Karena semakin muak dan marah pria itu langsung berlari ke arah Kim sambil mengacungkan pisaunya. Sedang Kim yang sudah membaca serangan itu langsung mendorong pria yang tadi Ia cekik dan berganti dengan menendang tangan pria itu sampai pisaunya jatuh. Sebelum pria itu membawanya Kim kembali menendang pisau itu sampai jauh.
"Jangan curang, sekarang mari berkelahi dengan imbang."

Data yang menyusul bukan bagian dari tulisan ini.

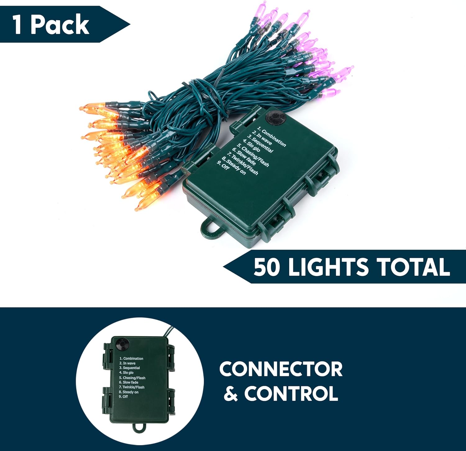 Joiedomi 16.3FT Orange&Purple Halloween Lights,50 Count Battery Operated Christmas String Tree Fairy LED Lights with 8 Modes,Multifunction Green Wire with Timer for Xmas Decor Party Holiday House
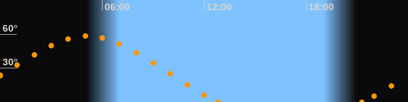 Höchster Stand (Kulmination)05:05 Uhr (h = 58.5°)
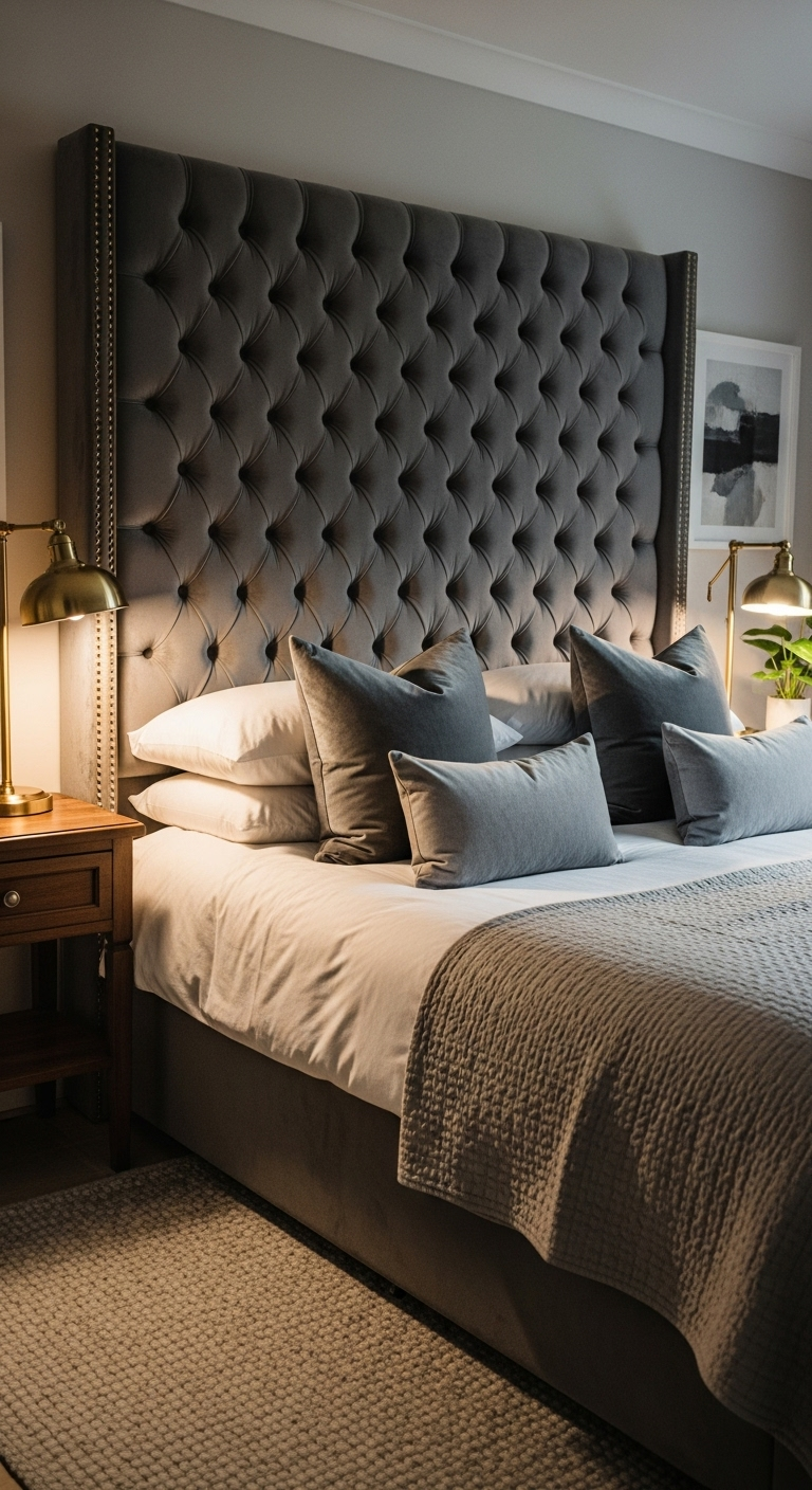Cette pièce maîtresse devient le point focal de la chambre. Optez pour un modèle XXL qui monte jusqu’au plafond pour un effet encore plus spectaculaire. Le capitonnage ajoute une dimension tactile et visuelle qui renforce l’impression de confort et de sophistication.
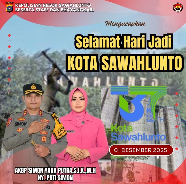SAWAHLUNTO | Sawahlunto kembali merayakan hari jadinya, sebuah kota tua yang dibangun dari sejarah panjang industri tambang dan kini tumbuh menjadi kota heritage yang menjaga jati dirinya dengan penuh kebanggaan. Pada momen ulang tahun ke-137 ini, Kapolres Sawahlunto AKBP Simon Yana Putra, S.I.K., M.H, bersama Ny. Puti Simon, menyampaikan ucapan selamat sekaligus pesan reflektif bagi seluruh masyarakat kota.
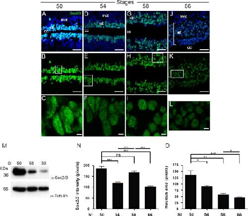 Fig. 3. Analysis of Sox2/3 expression in the spinal cord in non-regenerative and regenerative stages. (A–L) Longitudinal cryosections through the spinal cord of animals at stage 50 (A–C), 54 (D–F), 58 (G–I) and 66 (J–L), analyzed by immunostaining for Sox2/3 (green) and staining for TOTO3 (nuclei, blue). A, D, G and J. Double labeling for Sox2/3 and TOTO3. B,E,H and K. Sox2/3 only. (C, F, I and L) Higher magnification images of regions shown in white boxes in B, E, H, K. (M) Western blot showing immunolabeling for Sox2/3 in tadpoles (stage 50–58) and froglets (stage 66). α-tubulin immunolabeling is shown as a loading control. (N) Analysis of the signal intensity of Sox2/3 immunolabeling in of B,E,H and K. (O) Analysis of the area of the nuclei of C,F,I and L. cc: central channel, vz: ventricular zone and svz: sub-ventricular zone. Scale bars (A, B, D, E, G, H, J and K) 20 µm; (C, F, I and L) 2 µm. *P <0.05, **P<0.01, and ***P<0.001. (For interpretation of the references to color in this figure legend, the reader is referred to the web version of this article.) |
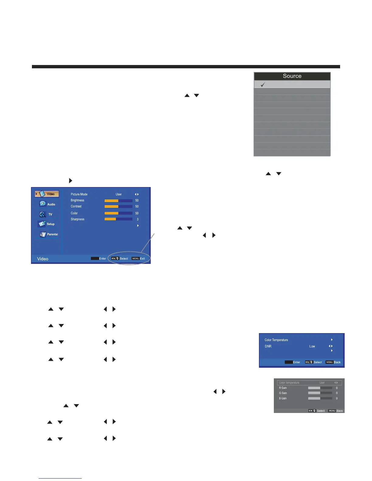 Then press / to select “R Gain, G Gain, B Gain” in “User” mode.
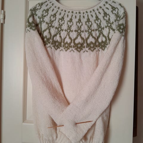 Myyn kuvan setin, jossa on L-koon Strömsö-neule ja siihen sopiva palmikkopipo tupsulla. Molemmat merinovillaa ja käyttämättömiä.
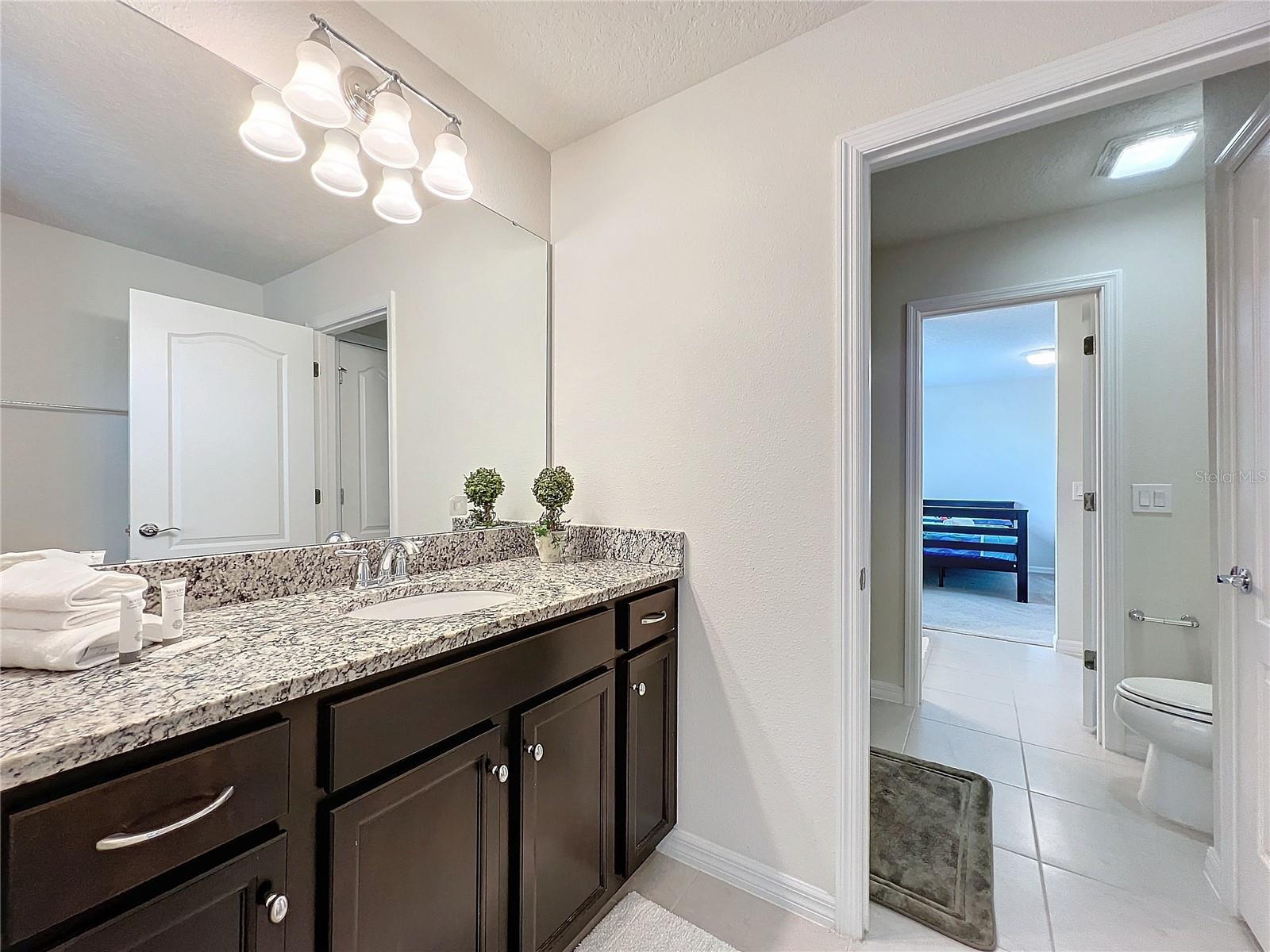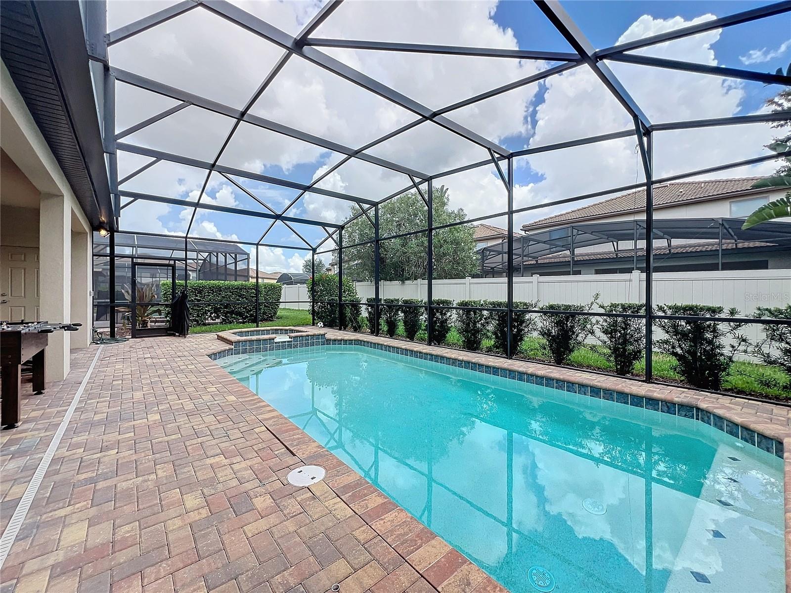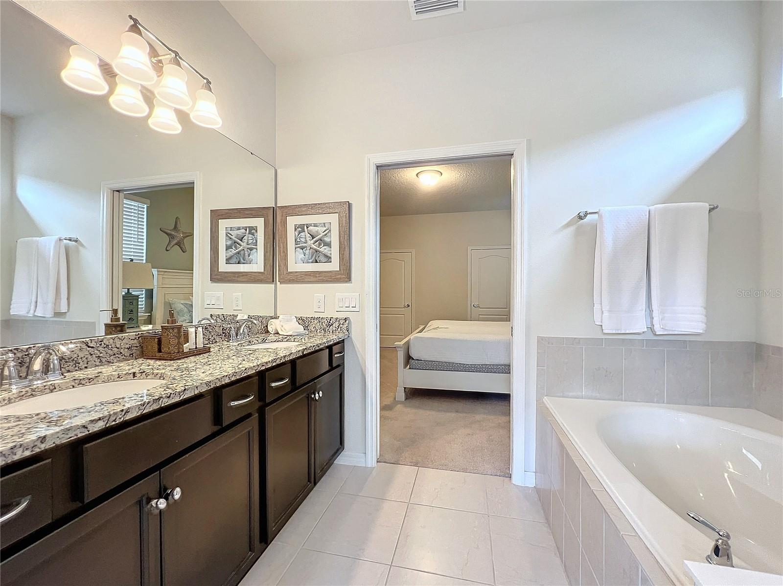 Located in the popular resort community of Windsor at Westside this beautiful 8-bedroom, 6-bathroom executive pool home has a fantastic location and is being sold fully furnished! It boasts an open floor plan with tile beautiful flooring throughout all of the living areas and sits on one of the best lots in the community right across the street from the magnificent community center that features a resort-style clubhouse, heated pool and spa, lazy river, water playground, fitness center, on-site store, sand volleyball, tennis and basketball courts, games room, and a restaurant and bar. With over 4000 square feet of living space the home has plenty of room to accommodate large parties and is great for great for entertaining or family gatherings. The kitchen boasts granite counter tops, 42-inch dark wood cabinets, stainless steel appliances and a large island sink with a breakfast bar. The convenient first-floor master suite is a wonderful retreat with its own private bathroom and it has direct access to the lanai and there is another bedroom on the first floor that offers extra flexibility for families. Upstairs there are 6 more bedrooms a huge loft area that can be used as a games room, movie theater or play area. Out back there's a huge covered lanai that overlooks the pool with spa where you can enjoy a morning cup of coffee or cap off a busy day at the theme parks! Windsor at Westside is a guard gated community and the grounds maintenance, basic cable, internet and daily trash valet are all covered in the monthly HOA fee. The community has one of the best locations for vacation rentals being just minutes from Walt Disney World, restaurants, golf courses, shopping, and all major attractions

Melihat keterdiaman pria itu, membuat Kim tanpa waktu lama langsung memukul kencang wajah pria itu sampai terjatuh. Pria itu menutup wajahnya sambil meringis merasa sakit sepertinya hidungnya patah.
"Dasar anak kecil!"
Kimberly merapihkan jas hitamnya yang kusut, mendengus sebal karena pasti penampilannya berantakan. Sial, padahal malam ini Ia sudah tampil rapih dan jas ini baru Ia beli kemarin.
Tak lama terdengar suara sirine polisi mendekat, karena mungkin ketiga orang itu sudah lemas dan kesakitan, mereka tidak meloloskan diri dan berhasil ditangkap oleh polisi.
Setelah kepergian polisi itu dengan ketiga penjahat, Kim kembali masuk ke dalam mobil. Ia membalikan badan dan tersenyum lebar pada kedua atasannya. "Mari kita lanjutkan perjalanannya, maaf kita terlambat karena ada masalah kecil."
Zein dan Yasmin saling bertatap satu sama lain, merasa speeclesee dengan kejadian ini. Mereka tadi melihat jelas bagaimana Kim berkelahi dengan ketiga penjahat itu dari dalam mobil, dan ternyata berhasil melumpuhkan mereka dengan mudah. Padahal Kim wanita, tapi wanita itu sangat hebat berkelahi.
"Em Kim terima kasih sudah menolong kita." Ucap Yasmin serak karena tadi habis menangis sangking takutnya.
"Sama-sama Nyonya, ini sudah menjadi tugas saya."
"Maaf Kim saya tidak bisa membantu."
"Tidak Tuan, Anda juga sudah membantu saya dengan menelphone polisi."
"Hm itu tidak seberapa dibanding keselamatan kamu tadi, saya benar-benar khawatir."
Kim hanya tersenyum saja, dan tetap fokus menyetir. Jujur Ia malah senang karena telah menyelamatkan atasannya ini, ada suatu perasaan bangga di hatinya. Dan tak lama mereka sudah sampai ditempat tujuan.
Kimberly keluar dari mobilnya dan membukakan pintu untuk Yasmin sedang Zein membukanya sendiri. Menatap restoran mewah yang tak terlalu ramai, Aksa pasti sudah menunggu didalam lama, kasihan.
"Silahkan Tuan Nyonya, Tuan Aksa sudah menunggu didalam. Nanti akan ada pelayan yang mengantar."
"Memangnya kamu mau kemana?"
"Saya akan di sini saja."
"Jangan begitu Kim." Desah Yasmin, wanita itu menggenggam tangan kanan Kim dan mengelusnya pelan. "Kamu jangan merasa canggung, kami bahkan akan senang kalau kamu bisa membuka diri dan akrab pada kami."
"Em tidak Nyonya-"
"Sudah ayo."
Dan Kimpun dengan terpaksa ikut masuk, padahal Ia ingin diam di mobil saja. Rasanya kurang percaya diri dengan pakaian dan dandanannya yang kurang rapih karena kejadian tadi. Mengingat siapa ulahnya, membuat Kim ingin kembali memukuli wajah anak-anak ingusan itu.